_Exercise brief:_ Every line from the one with "Obwohl der Sensor" to the end of the listing, and nothing else, is to be printed exactly; please leave the pictures out.

_Recorded data:_
==============================
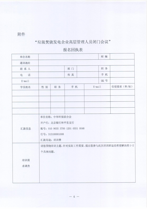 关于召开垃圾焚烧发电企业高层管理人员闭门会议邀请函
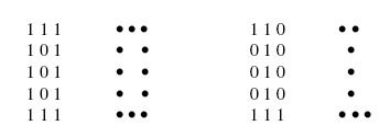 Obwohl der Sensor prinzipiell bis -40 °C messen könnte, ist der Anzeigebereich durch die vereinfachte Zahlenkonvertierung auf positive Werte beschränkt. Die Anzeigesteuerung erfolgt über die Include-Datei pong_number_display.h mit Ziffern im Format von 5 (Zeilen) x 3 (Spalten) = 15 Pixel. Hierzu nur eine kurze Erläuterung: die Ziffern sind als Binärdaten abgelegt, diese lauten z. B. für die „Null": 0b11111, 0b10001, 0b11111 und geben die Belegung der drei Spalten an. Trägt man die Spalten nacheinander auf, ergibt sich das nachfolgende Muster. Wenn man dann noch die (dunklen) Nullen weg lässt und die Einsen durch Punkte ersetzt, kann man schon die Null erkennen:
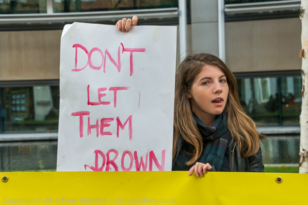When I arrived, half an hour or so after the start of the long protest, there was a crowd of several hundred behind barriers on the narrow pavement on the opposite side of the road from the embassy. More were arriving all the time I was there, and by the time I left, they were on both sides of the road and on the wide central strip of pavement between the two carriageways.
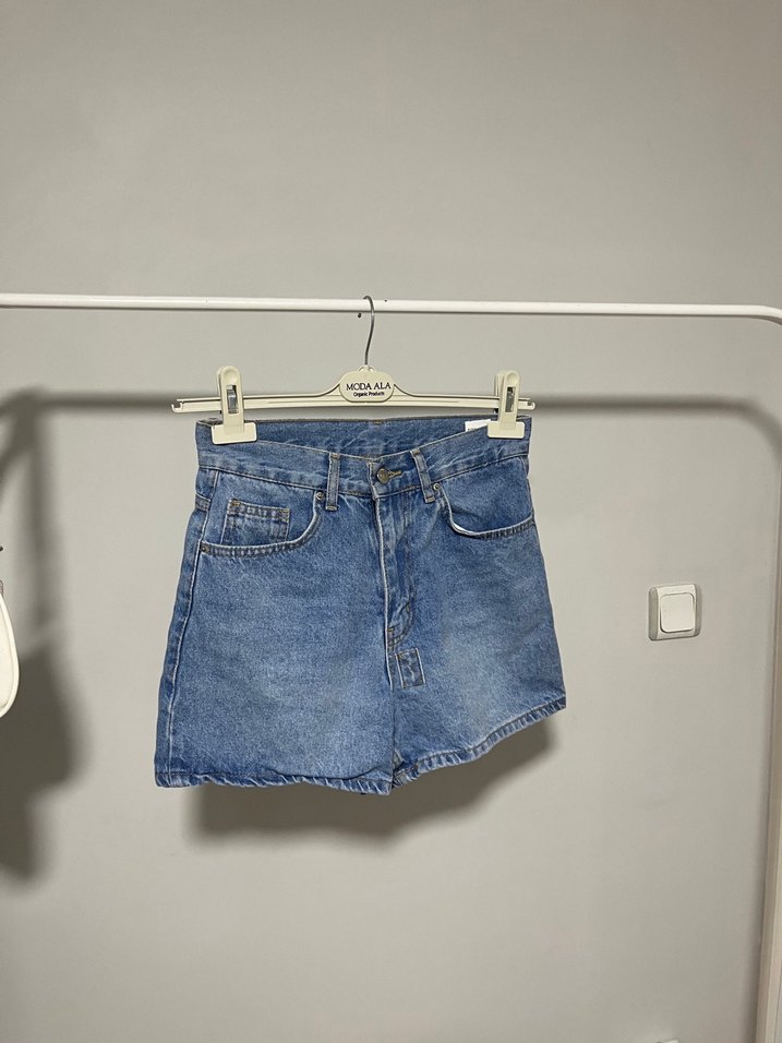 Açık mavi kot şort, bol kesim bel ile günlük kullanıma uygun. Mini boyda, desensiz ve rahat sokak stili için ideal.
==============================
_Written solution:_
 Obwohl der Sensor prinzipiell bis -40 °C messen könnte, ist der Anzeigebereich durch die vereinfachte Zahlenkonvertierung auf positive Werte beschränkt. Die Anzeigesteuerung erfolgt über die Include-Datei pong_number_display.h mit Ziffern im Format von 5 (Zeilen) x 3 (Spalten) = 15 Pixel. Hierzu nur eine kurze Erläuterung: die Ziffern sind als Binärdaten abgelegt, diese lauten z. B. für die „Null": 0b11111, 0b10001, 0b11111 und geben die Belegung der drei Spalten an. Trägt man die Spalten nacheinander auf, ergibt sich das nachfolgende Muster. Wenn man dann noch die (dunklen) Nullen weg lässt und die Einsen durch Punkte ersetzt, kann man schon die Null erkennen:
When I arrived, half an hour or so after the start of the long protest, there was a crowd of several hundred behind barriers on the narrow pavement on the opposite side of the road from the embassy. More were arriving all the time I was there, and by the time I left, they were on both sides of the road and on the wide central strip of pavement between the two carriageways.
 Açık mavi kot şort, bol kesim bel ile günlük kullanıma uygun. Mini boyda, desensiz ve rahat sokak stili için ideal.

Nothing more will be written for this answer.